= GIVEN INFORMATION =
== Segment start ==

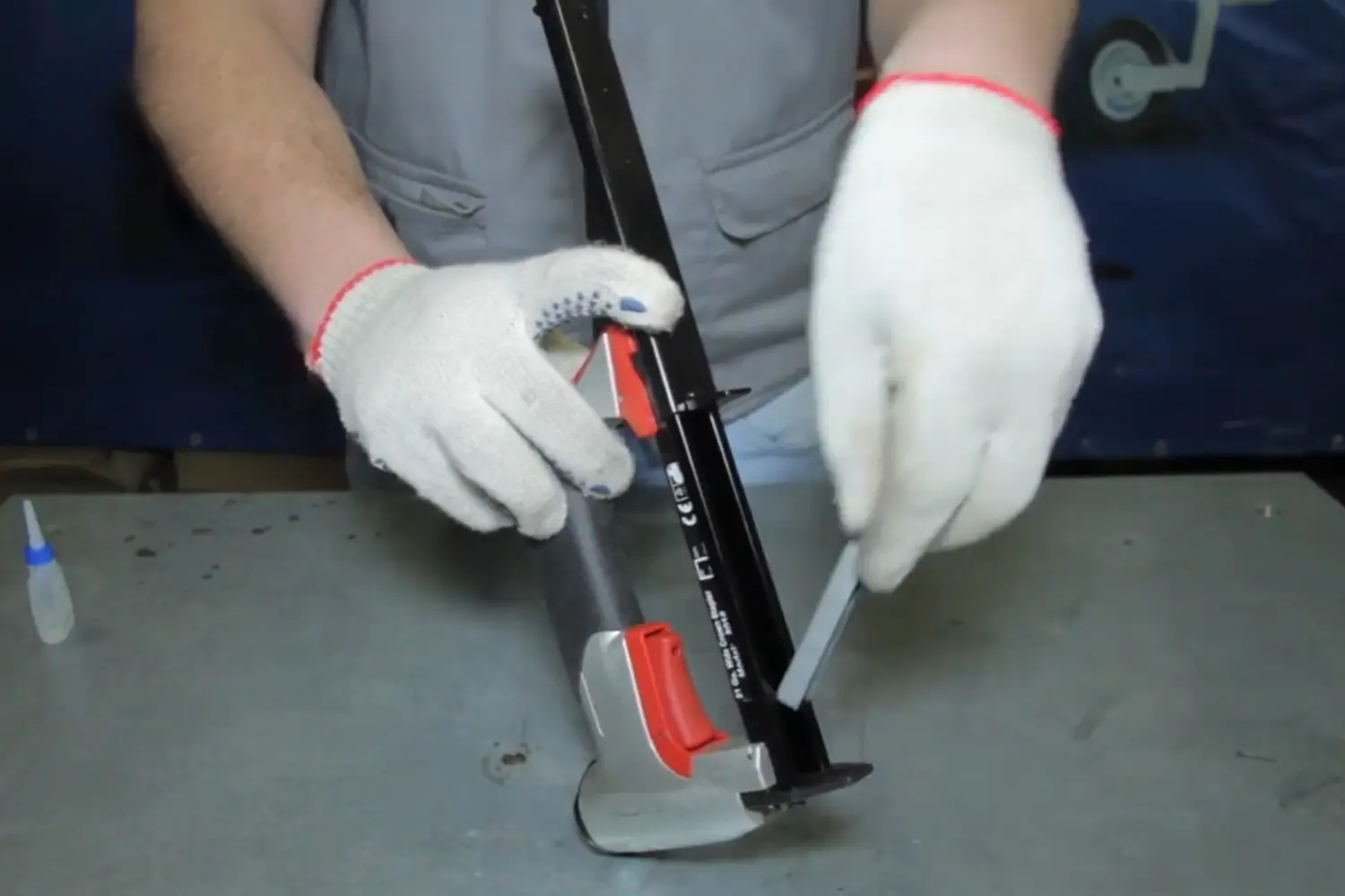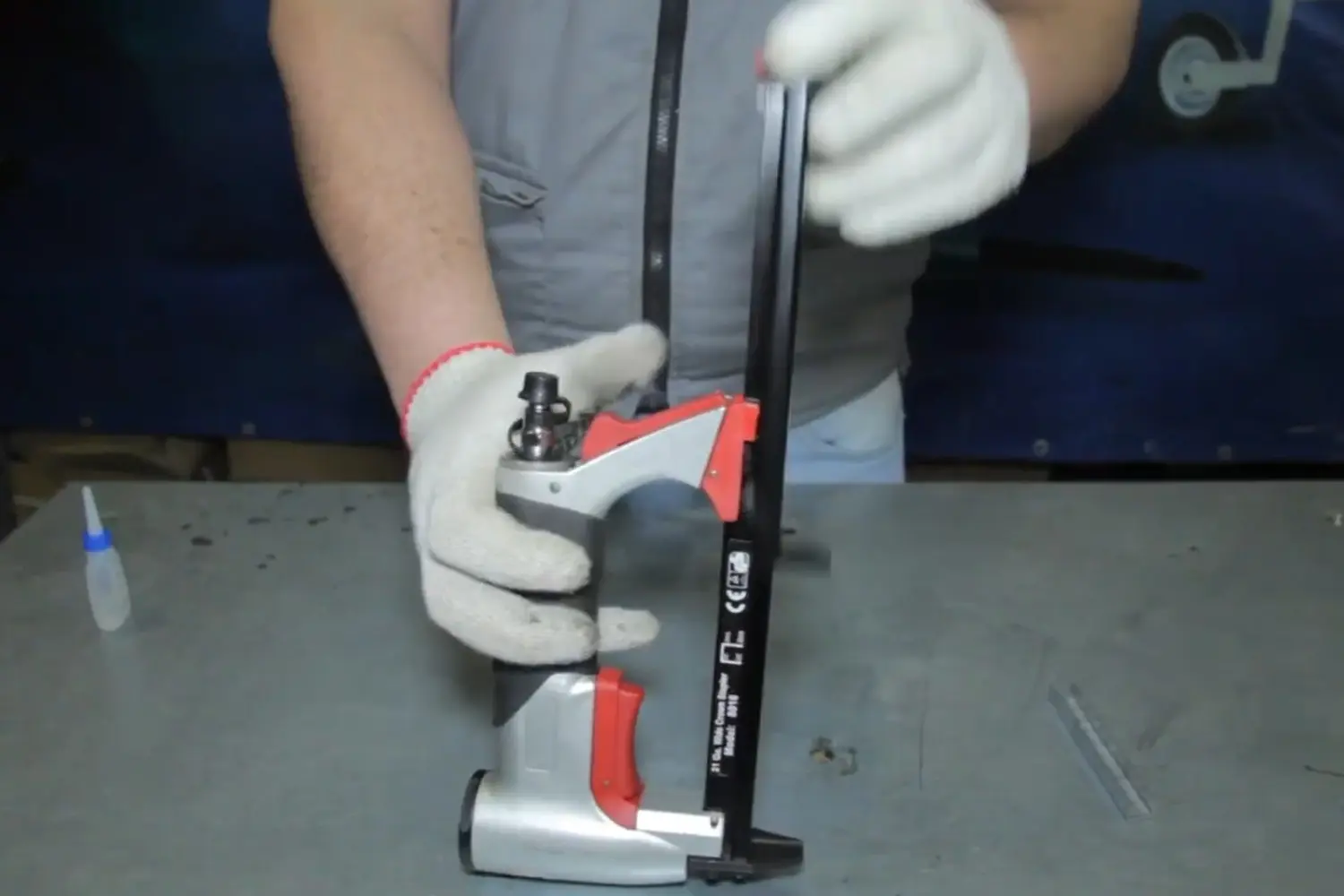 - Заправка без отключения инструмента. Это опасно, если модель электрическая или пневматическая. При закрытии магазина может произойти аварийный выстрел, даже если вы не нажимаете на спуск. И даже в механических моделях при закрытии магазина есть риск случайного срыва рычага, поэтому держите ладонь в стороне от выходного отверстия.
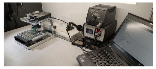 The engines were also modified by adjusting the electronic system through modification of computer software. The introduction of computer software changes was performed to find out whether and how the number of exhaust components and the number of solid particles emitted to the environment changed. Due to the specificity of the electronic system, the software changes required dismantling the deck computer and mounting it on the modification stand, as shown in Figure 3.
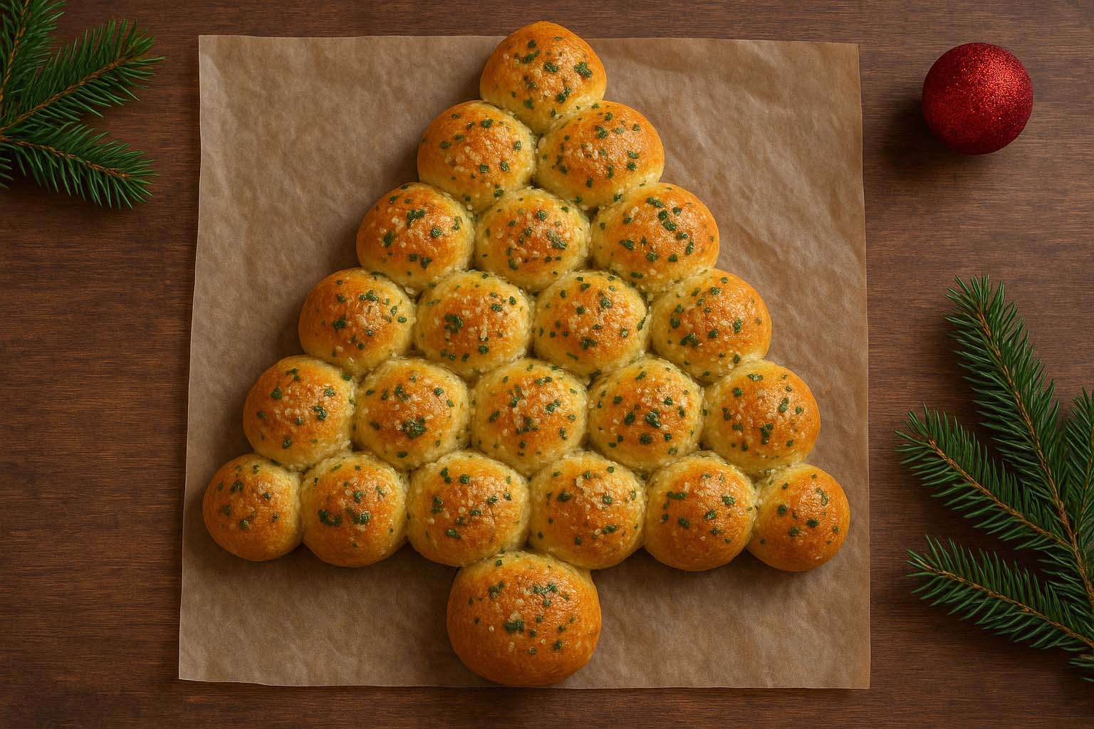 A fenyőfa alakú kenyér 20–25 perc alatt gyönyörű aranybarna lesz. Amikor a sajt megpirul, és a tészta kellemesen ruganyos, már készen is van.

== Segment end ==

= WHAT TO WORK ON =
Strip the images and return the remaining data exactly.

= EXERCISE OUTPUT =
 - Заправка без отключения инструмента. Это опасно, если модель электрическая или пневматическая. При закрытии магазина может произойти аварийный выстрел, даже если вы не нажимаете на спуск. И даже в механических моделях при закрытии магазина есть риск случайного срыва рычага, поэтому держите ладонь в стороне от выходного отверстия.
 The engines were also modified by adjusting the electronic system through modification of computer software. The introduction of computer software changes was performed to find out whether and how the number of exhaust components and the number of solid particles emitted to the environment changed. Due to the specificity of the electronic system, the software changes required dismantling the deck computer and mounting it on the modification stand, as shown in Figure 3.
 A fenyőfa alakú kenyér 20–25 perc alatt gyönyörű aranybarna lesz. Amikor a sajt megpirul, és a tészta kellemesen ruganyos, már készen is van.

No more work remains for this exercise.